- WHAT IS EXPECTED: Pictures excluded, please retype exactly the lines from the start of the data through the line that contains "大股東為上海電氣集團,持股比", both ends kept, and nothing beyond them.

··· RECORDS FOR THE TASK

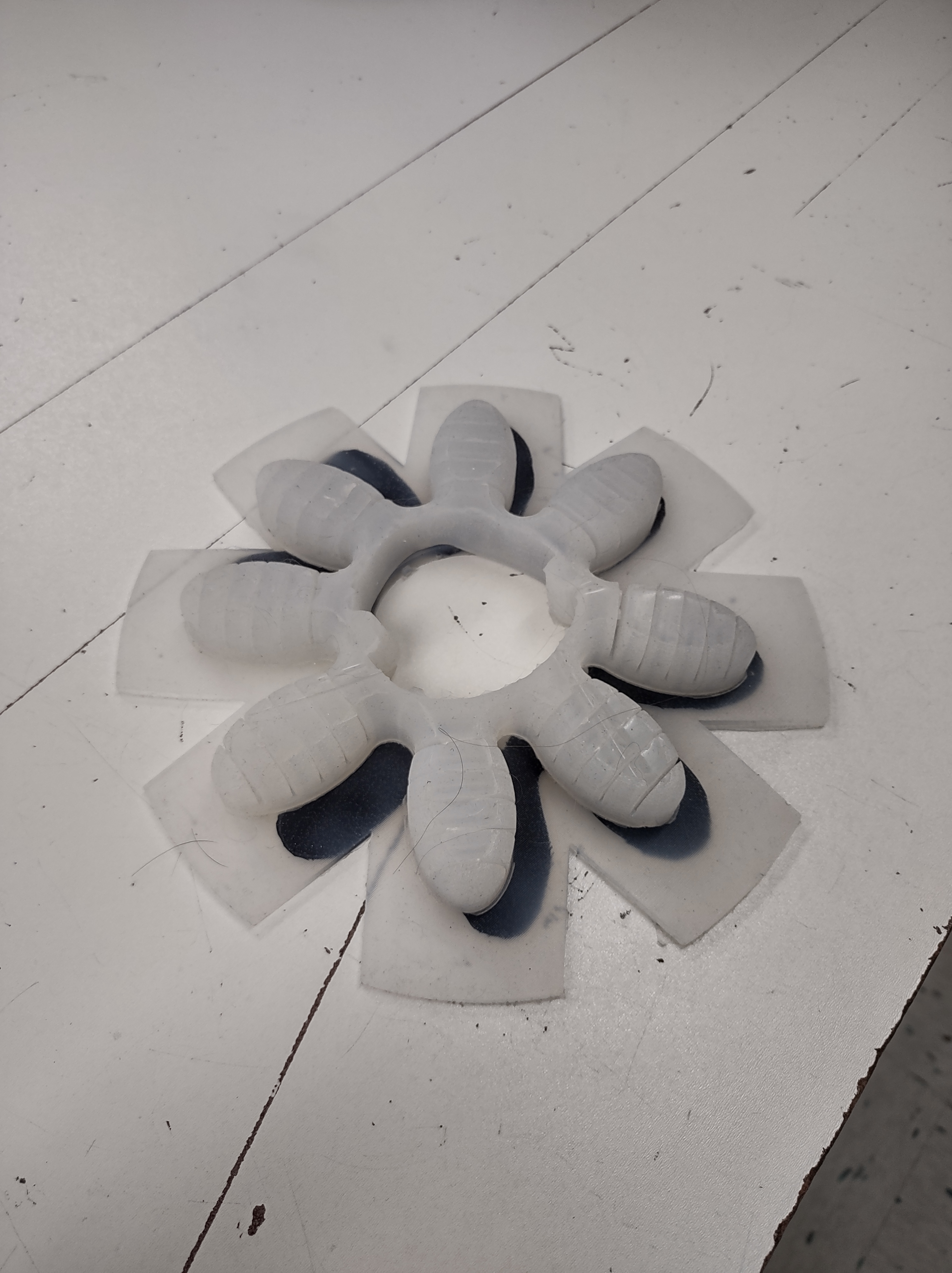 The robot is made of 3 main components the soft skirt and arms, the center housing, and the circuitry. these components are built separately and then assembled at the end.
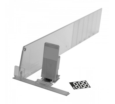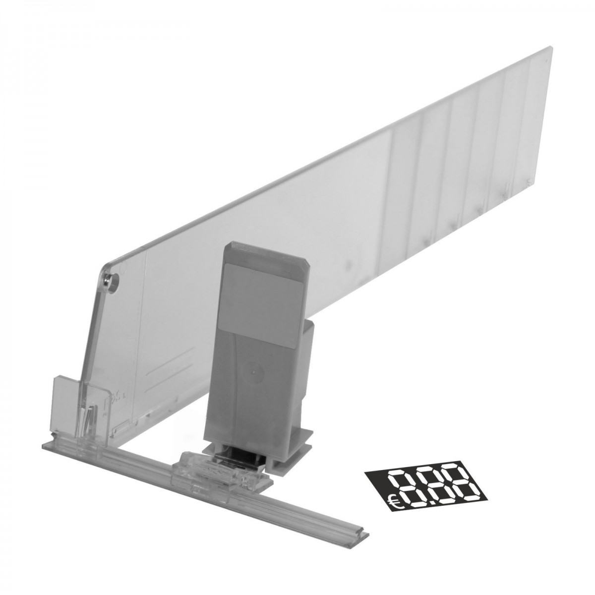 Complet avec poussoir, séparateur de 355 mm de long pouvant être réduit à 205 mm, piste adhésive double face pour la fixation et étiquette de prix double face.
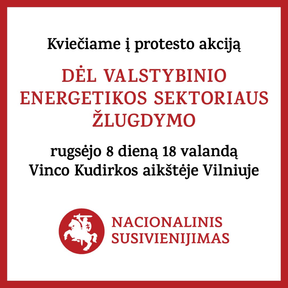 Kadangi kaip Nacionalinis susivienijimas pirmi kalbėjome apie šias problemas (iš ekspertų pirmas kalbėjo, ko gero, Kuodis), visais būdais aiškinome jas visuomenei, jaučiame teisę ir dar labiau pareigą pakviesti į protestą prieš valdžios veiksmus, o dar labiau visišką neveikimą, sprendžiant elektros sektoriaus krizę.
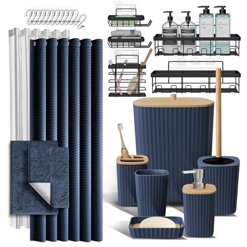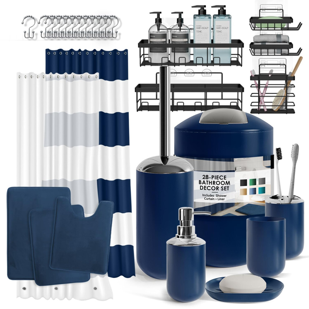 Shower Caddy and Bathroom Accessories Set with Bath Rugs, 27PC Bathroom Accessory Set with Shower Caddies Navy Bath Rugs, Shower Curtain Set, Toilet Brush, Trash Can, Soap Dispenser, Toothbrush holder
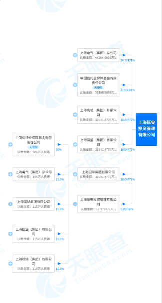 大股東為上海電氣集團,持股比例為24.32121%;二股東是信保基金,持股比例為21.53681%,機場、國盛和國際集團分別持股18.04477%,最后一點股份是一家上海維安投資管理有限公司。順便提一句,砥安公司的注冊資本為18.2億元人民幣。而翻開上海維安投資管理有限公司,注冊資本為1000萬人民幣;控股股東為信保基金,持股比例為50%,剩下的四家國企均分剩下的股權。從公告到今天成立,各方確實都在為安信重組的事情鋪路。到了這一步,那么安信信托重組事件本身也已經(jīng)是板上釘釘?shù)氖虑椋缓罄m(xù)新股東的入駐,支付的對價成為了關注的焦點。從砥安投資管理有限公司的股權分布情況來看,大股東是上海電氣集團,其他四家作為聯(lián)合收購體。上海國際集團沒能控股略顯遺憾,但是對于這樣的安排也是意料之中。上海電氣一直謀求信托牌照,現(xiàn)在看來總算是是有眉目。注意砥安和維安投資管理公司,這兩家法人代表都是這個秦懌。秦懌何許人也?上海電氣集團財務有限公司的董事長,此外還擔任多家公司的高管。在搜索目錄當中,2018年還擔任過上海電氣金融集團常務副總裁,可以判斷這是一位資深財務金融人士。
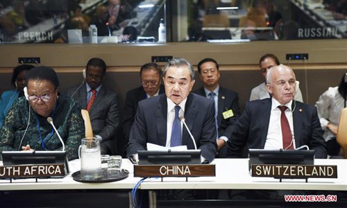 Chinese State Councilor and Foreign Minister Wang Yi addresses the commemoration of the 70th anniversary of the signing of the Geneva Conventions at the UN headquarters in New York, Sept. 23, 2019. (Xinhua/Han Fang)
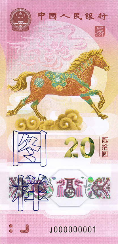 Front (Obverse): The main design features a stylized Horse. The top section displays the National Emblem of the PRC, the “People’s Bank of China” inscription, and a seal with the Chinese character for “Horse” in Seal Script. The lower section includes an OVI (Optical Variable Ink) denomination “20” and the Chinese “贰拾圆,” dynamic holographic patterns, a transparent window, braille denomination markings, and the banknote serial number.
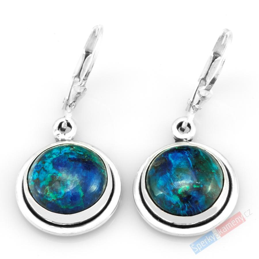 Závěsné náušnice z nádherně zbarveného šatukitu (shattuckit) vysoké kvality QA (RARITA) s výraznou kresbou připomínající podmořský svět v němž převládá tyrkysová barva. Náušnice mají kulatý tvar o průměru cca 15 mm (z toho stříbrná obruba cca 1 mm). Výška se závěsem cca 32 mm; váha obou náušnic 5,8 g. Zasazení, úchyt a závěs jsou ze stříbra (Ag 925/1000). Původ minerálu: Namíbie. Náušnice jsou identické s fotografií.
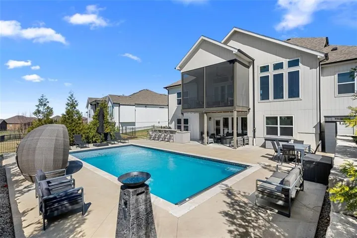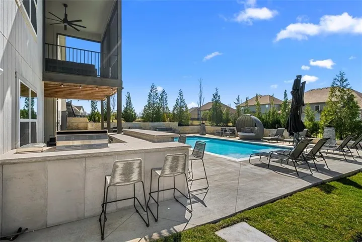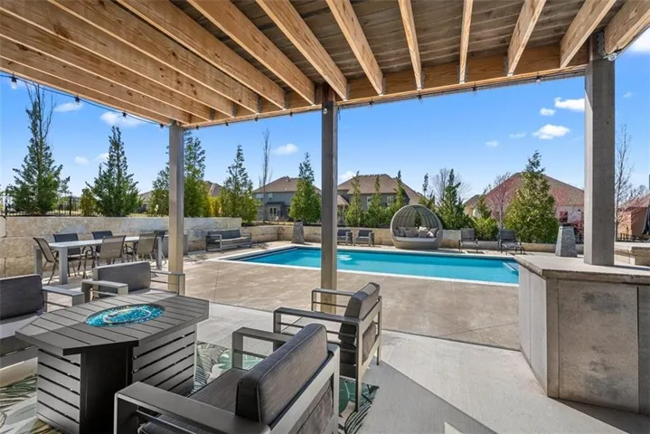 • OUTDOOR LIVING: A peaceful retreat featuring a heated saltwater pool w/ seats & electric retractable cover. The outdoor kitchen, complete w/ bev fridge & high-end built-in gas grill, makes this space the Star of the Show! Beautiful landscaping & color-changing pool lights create a true paradise.\r\n
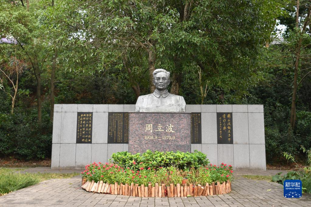 這是2022年9月8日在湖南省益陽(yáng)市謝林港鎮(zhèn)清溪村拍攝的周立波塑像。新華社記者 陳振海 攝
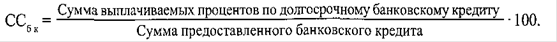 Если вся сумма процентов, выплачиваемых по банковскому кредиту, относится в уменьшение налогооблагаемой прибыли, то цена долгосрочного банковского кредита может быть определена из выражения
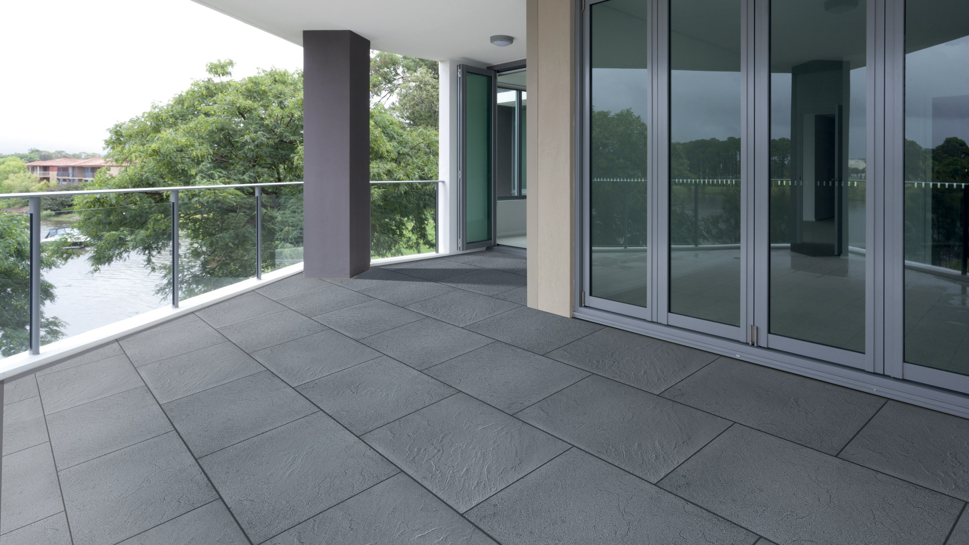 Surface with a slight split stone effect, perfect for verandas and walkways, the color range allows inte- ressing color play, resistant to dirt.
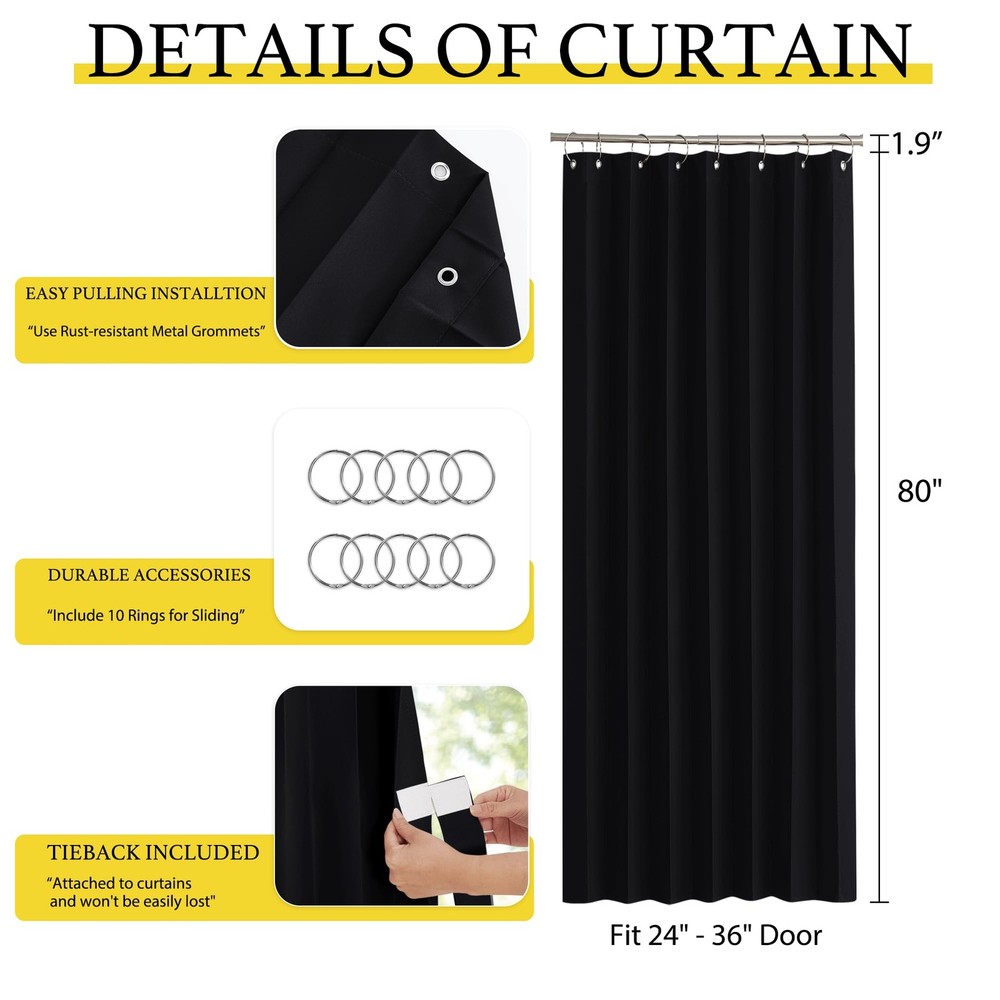 We all love Door Curtains for the way they make our home elegant and welcoming. Product Info.: The door curtain package comes with 1 panel and Hooks. Each panel measures 38 inches wide by 80 inches long. The length excludes the rings.It's easy hanging and removing on an existing rod. Genius Idea of Door: Are you tired of all the same doors? Depressed by small Spaces? Shy away from expensive doors? Need more conveniently pass through? Now you don't have to worry, we offer a brand new temporary door, this easy install soft blackout drape is perfect for you instead of doors now. Fabric Function: No formaldehyde, no chemical coating, no pungent smell, high-quality material is safe for babies and small kids. Blackout curtain liners block out sunlight, harmful UV rays, noise, and heat while offering privacy. Versatile Home Decor: Use the simple, modern and soft drapery as an exterior door curtain or interior door curtain between kitchen, dining room, bedroom, living room, patio glass door, and closet, hallway. Easy Care: blackout curtains are made to last. Machine washable in normal temperature water, use mild detergent, no bleaching, tumble or natural dry. Steam ironing can easily remove the wrinkles or any fold marks.
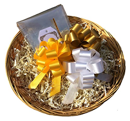 12" Empty Gift Basket, Easy Gift Wrap Kit, 8-Piece Set w/ Reusable Basket to Fill, Cellophane Bag, Paper Shred, Twist Tie, 3 Pull Bows, Gift Tag; Birthday, Christmas, Easter, Etc (Gold and White)
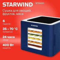 Мощность 750 Ватт, 7 поддонов: 4 разборных поддона для сушки, 1 обычный поддон, 2 для пастилы. Плавная регулировка температуры от 35 до 70°C, встроенный вентилятор,
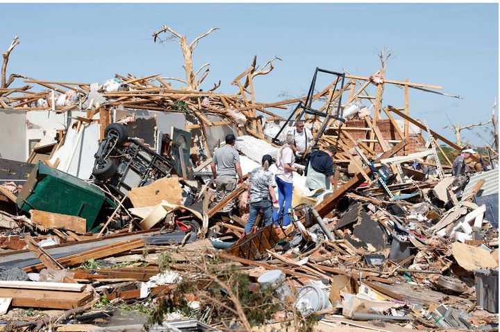 24일(현지 시간) 미 오클라호마주 이니드의 그레이리지에서 한 가족이 전날 발생한 토네이도로 파괴된 집 잔해를 살피고 있다.
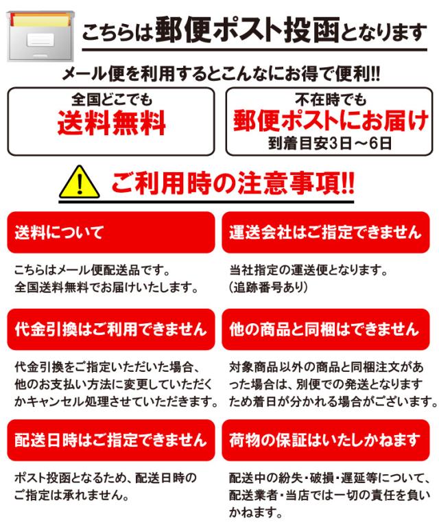 メール便(郵便ポスト投函)の為、代金引換はご利用いただけません。

······

- OUTPUT FOR THIS EXERCISE:
 The robot is made of 3 main components the soft skirt and arms, the center housing, and the circuitry. these components are built separately and then assembled at the end.
 Complet avec poussoir, séparateur de 355 mm de long pouvant être réduit à 205 mm, piste adhésive double face pour la fixation et étiquette de prix double face.
 Kadangi kaip Nacionalinis susivienijimas pirmi kalbėjome apie šias problemas (iš ekspertų pirmas kalbėjo, ko gero, Kuodis), visais būdais aiškinome jas visuomenei, jaučiame teisę ir dar labiau pareigą pakviesti į protestą prieš valdžios veiksmus, o dar labiau visišką neveikimą, sprendžiant elektros sektoriaus krizę.
 Shower Caddy and Bathroom Accessories Set with Bath Rugs, 27PC Bathroom Accessory Set with Shower Caddies Navy Bath Rugs, Shower Curtain Set, Toilet Brush, Trash Can, Soap Dispenser, Toothbrush holder
 大股東為上海電氣集團,持股比例為24.32121%;二股東是信保基金,持股比例為21.53681%,機場、國盛和國際集團分別持股18.04477%,最后一點股份是一家上海維安投資管理有限公司。順便提一句,砥安公司的注冊資本為18.2億元人民幣。而翻開上海維安投資管理有限公司,注冊資本為1000萬人民幣;控股股東為信保基金,持股比例為50%,剩下的四家國企均分剩下的股權。從公告到今天成立,各方確實都在為安信重組的事情鋪路。到了這一步,那么安信信托重組事件本身也已經(jīng)是板上釘釘?shù)氖虑椋缓罄m(xù)新股東的入駐,支付的對價成為了關注的焦點。從砥安投資管理有限公司的股權分布情況來看,大股東是上海電氣集團,其他四家作為聯(lián)合收購體。上海國際集團沒能控股略顯遺憾,但是對于這樣的安排也是意料之中。上海電氣一直謀求信托牌照,現(xiàn)在看來總算是是有眉目。注意砥安和維安投資管理公司,這兩家法人代表都是這個秦懌。秦懌何許人也?上海電氣集團財務有限公司的董事長,此外還擔任多家公司的高管。在搜索目錄當中,2018年還擔任過上海電氣金融集團常務副總裁,可以判斷這是一位資深財務金融人士。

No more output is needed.